Why are we helpless? Because we learned to be
Why do so many of us feel so helpless so much of the time?
We think there’s no point in protesting – nothing will change. We think there’s no point in applying – the jobs are already allocated to insiders. We think there’s no point in aspiring to run our own businesses – we’ll just fail and lose everything. We think there’s no point in working hard – promotions are reserved for the boss’s favourites.
Psychologists Martin Seligman and Steve Maier conducted a famous experiment on dogs in the 1960s. The dogs were placed in special electrified harnesses in three groups. The first group of canines was put in the harness, not given any electrical shocks, and then released.
The second group was placed in the same harness, and was subjected to uncomfortable electrical shocks – but shown a way of stopping the current, by pressing a lever. These dogs soon learned to use this method to stop the shocks.

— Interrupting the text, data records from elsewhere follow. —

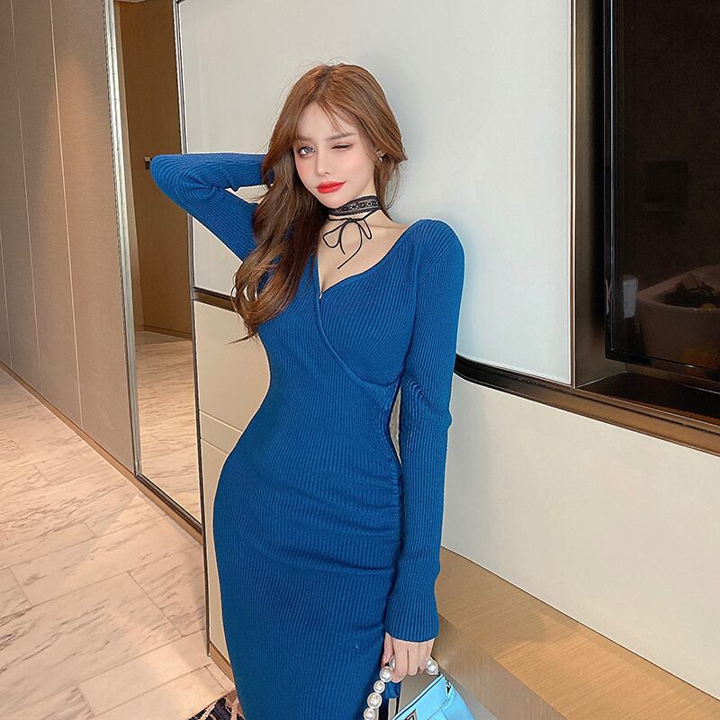 コート、ロングスカート、長い膝上セーター、気質、Vネック、セクシーなパッケージのお尻、スリムなニットドレス、女性の秋と冬 オータム 秋物 ウィンター 冬物 yingd9364026118
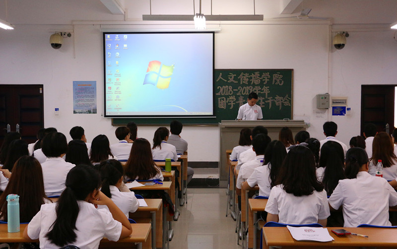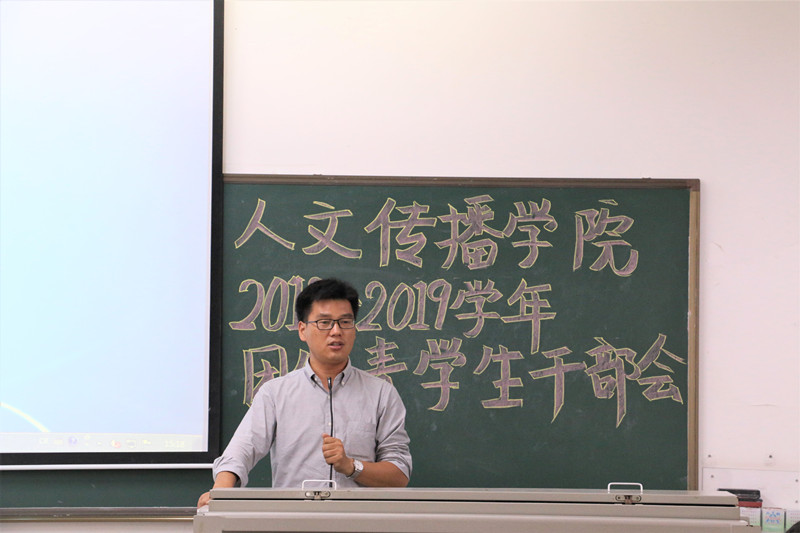人文团学组织新学期全体员工干部大会于8月28日下午在海甸校区召开。公司学工与团委办公室熊文军、王森森,王嘉南、李洁四位老师参加本次大会并做相关工作部署。员工团委副书记彭丽桦主持本次大会。
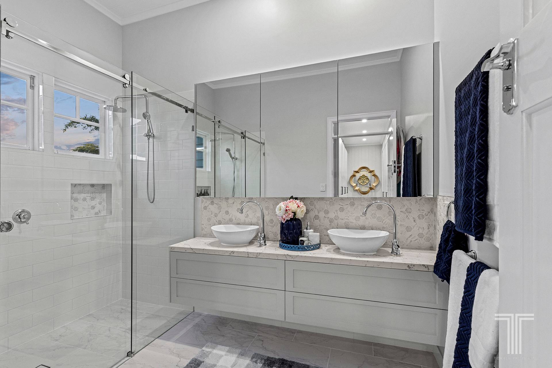 A second living area upstairs provides family separation, and two balconies extend off the upstairs bedrooms. A study, five bedrooms, three luxury bathrooms and a powder room are positioned over two floors. Two bedrooms boast ensuites, including the lavish master revealing a private balcony, a bay window seat, a luxe walk-in robe and an opulent ensuite with dual vanities and double showers. The fifth bedroom also includes an ensuite and private entry via the covered porch.
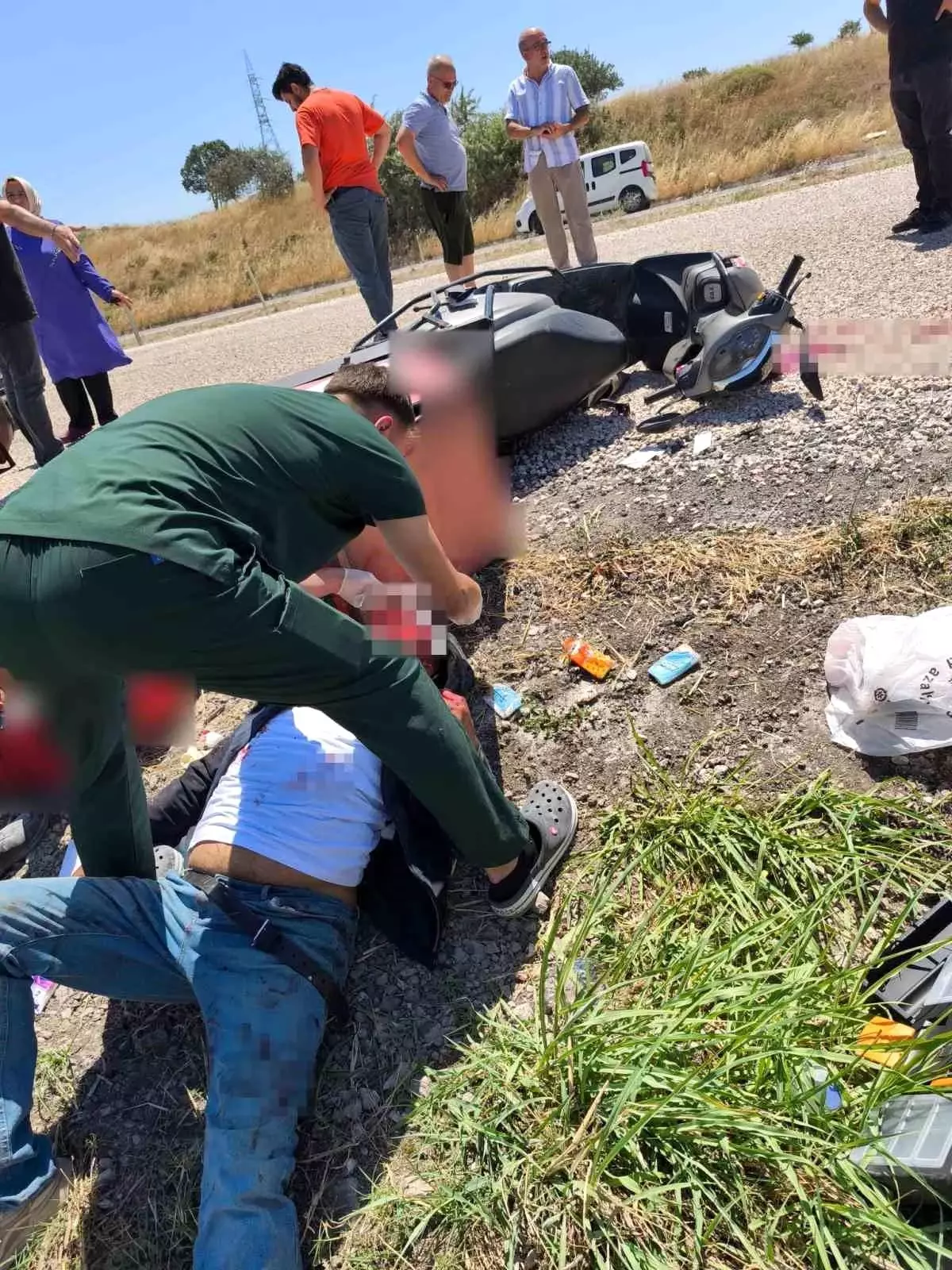 Balıkesir’in Gönen ilçesi mıcırlı yolda motosikletin denetimden çıkması sonucu 2 kişi yaralandı.
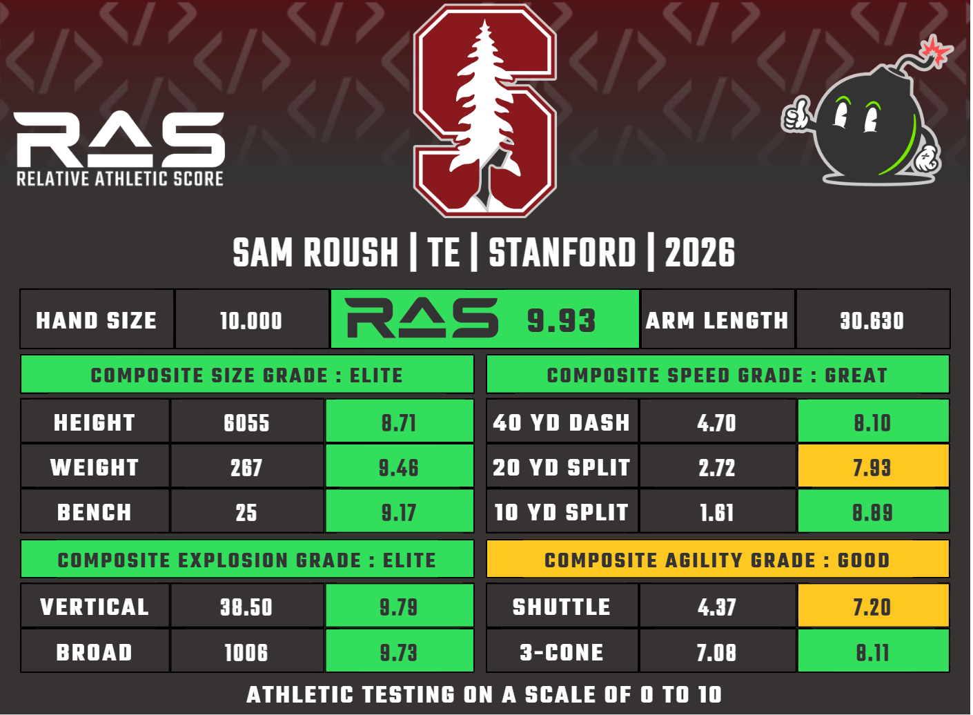 That is the highest in the class and the 11th-ranked TE RAS of all time. Everything on the field looks just as good. The way he moves out there, he looks more like a WR sometimes. Has random T-Rex arms, but it did not seem to affect his play.

A third group was subjected to the same shocks, and given the same way out – except that this time, the lever didn’t work. Nothing the dogs did would stop the shocks. They came to learn that shocks were inescapable.
In the next stage, all three groups of dogs were placed in a special box containing two chambers, divided by a low barrier. One chamber had an electrified floor; the other did not. Dogs were placed in the electrified chamber first, and began receiving little shocks. However, it was very easy to jump over the low barrier and into the safe chamber.

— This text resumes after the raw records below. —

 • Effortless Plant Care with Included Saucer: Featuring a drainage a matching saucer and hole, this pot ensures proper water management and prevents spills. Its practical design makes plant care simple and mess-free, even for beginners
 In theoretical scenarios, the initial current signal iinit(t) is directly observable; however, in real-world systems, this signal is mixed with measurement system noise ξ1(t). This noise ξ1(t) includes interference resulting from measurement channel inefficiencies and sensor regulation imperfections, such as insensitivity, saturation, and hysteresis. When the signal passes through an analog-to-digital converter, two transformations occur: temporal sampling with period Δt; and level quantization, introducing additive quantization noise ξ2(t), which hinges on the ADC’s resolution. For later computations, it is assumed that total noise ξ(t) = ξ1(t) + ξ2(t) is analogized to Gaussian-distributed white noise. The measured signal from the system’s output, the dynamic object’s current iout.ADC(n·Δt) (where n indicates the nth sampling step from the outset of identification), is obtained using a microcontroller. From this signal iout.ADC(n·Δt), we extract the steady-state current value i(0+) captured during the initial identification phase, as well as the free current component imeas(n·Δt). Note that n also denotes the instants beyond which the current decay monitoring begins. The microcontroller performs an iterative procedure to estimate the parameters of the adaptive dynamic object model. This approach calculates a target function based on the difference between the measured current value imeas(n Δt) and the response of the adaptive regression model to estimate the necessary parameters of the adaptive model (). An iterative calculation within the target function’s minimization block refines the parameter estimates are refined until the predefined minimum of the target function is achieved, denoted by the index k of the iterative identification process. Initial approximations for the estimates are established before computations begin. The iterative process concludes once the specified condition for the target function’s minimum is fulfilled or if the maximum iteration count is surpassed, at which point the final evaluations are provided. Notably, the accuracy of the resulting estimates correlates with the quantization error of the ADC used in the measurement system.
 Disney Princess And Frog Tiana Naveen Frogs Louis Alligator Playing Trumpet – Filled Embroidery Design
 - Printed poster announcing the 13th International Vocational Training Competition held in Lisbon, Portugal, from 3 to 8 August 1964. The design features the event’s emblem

So, which dogs jumped to avoid the pain? The dogs from group one – who had never received any shocks – jumped quickly. Group two dogs – who had faced shocks before, but had learned to be able to stop them – mostly also jumped. The dogs from group three? Most of them didn’t jump at all. To them, the shocks were a part of life they couldn’t control. They simply accepted their uncomfortable fate. They lay down and whined.
This phenomenon is called learned helplessness. The group three dogs had “learned” that life is unpleasant and nothing can be done about it – simply because their attempts to escape pain had failed in the past.

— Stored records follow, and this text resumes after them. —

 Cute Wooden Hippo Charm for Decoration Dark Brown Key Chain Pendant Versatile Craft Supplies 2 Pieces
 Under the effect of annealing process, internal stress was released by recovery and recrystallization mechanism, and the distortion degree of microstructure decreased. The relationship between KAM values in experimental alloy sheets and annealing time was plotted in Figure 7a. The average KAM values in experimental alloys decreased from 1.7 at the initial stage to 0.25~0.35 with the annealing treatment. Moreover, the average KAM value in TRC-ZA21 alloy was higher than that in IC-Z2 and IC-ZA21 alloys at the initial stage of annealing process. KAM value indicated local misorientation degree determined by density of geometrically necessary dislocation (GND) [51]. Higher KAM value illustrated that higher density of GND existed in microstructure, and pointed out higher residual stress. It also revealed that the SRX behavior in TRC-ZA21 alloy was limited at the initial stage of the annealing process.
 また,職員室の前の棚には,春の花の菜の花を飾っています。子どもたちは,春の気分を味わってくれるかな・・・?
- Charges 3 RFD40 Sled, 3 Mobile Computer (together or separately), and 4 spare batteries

This condition is very strong in humans, too. A child who does badly at school in a certain subject and whose early efforts yield no progress will quickly give up trying. An employee who has failed to earn merit-based pay increases will soon not even attempt to earn them. People whose first business has failed often stop trying with new ones – even though they had learned valuable lessons in the first failure that might lead to future successes.
This becomes a self-reinforcing condition: many people fall into apathy and negativity – and make no effort to improve their lot. In Kenya, we can see this condition in our voters: “why vote, or why vote for anyone different, nothing changes”; in employees: “why try harder, no one cares”; in citizens: “don’t resist corruption, you can’t fight it.”
Parents, teachers, leaders, pay attention. The apathetic dogs were finally trained to jump over the barrier and escape the shocks. People can be conditioned to escape depression and passive acceptance and take charge of their lives. But positive reinforcement is very important.
If you are making your children, your pupils or your employees constantly feel like failures, failures are soon all they will be. People need to feel successes, even small ones. They grow when effort leads to positive change. They descend into negativity when effort repeatedly yields nothing.
We can’t all succeed in the same ways, but we can all succeed. Loss of control destabilises anyone. The more we condition people to feel like they have no control, the more helpless they become. Once we understand that, we are able to inspire and coach others to be better and do more.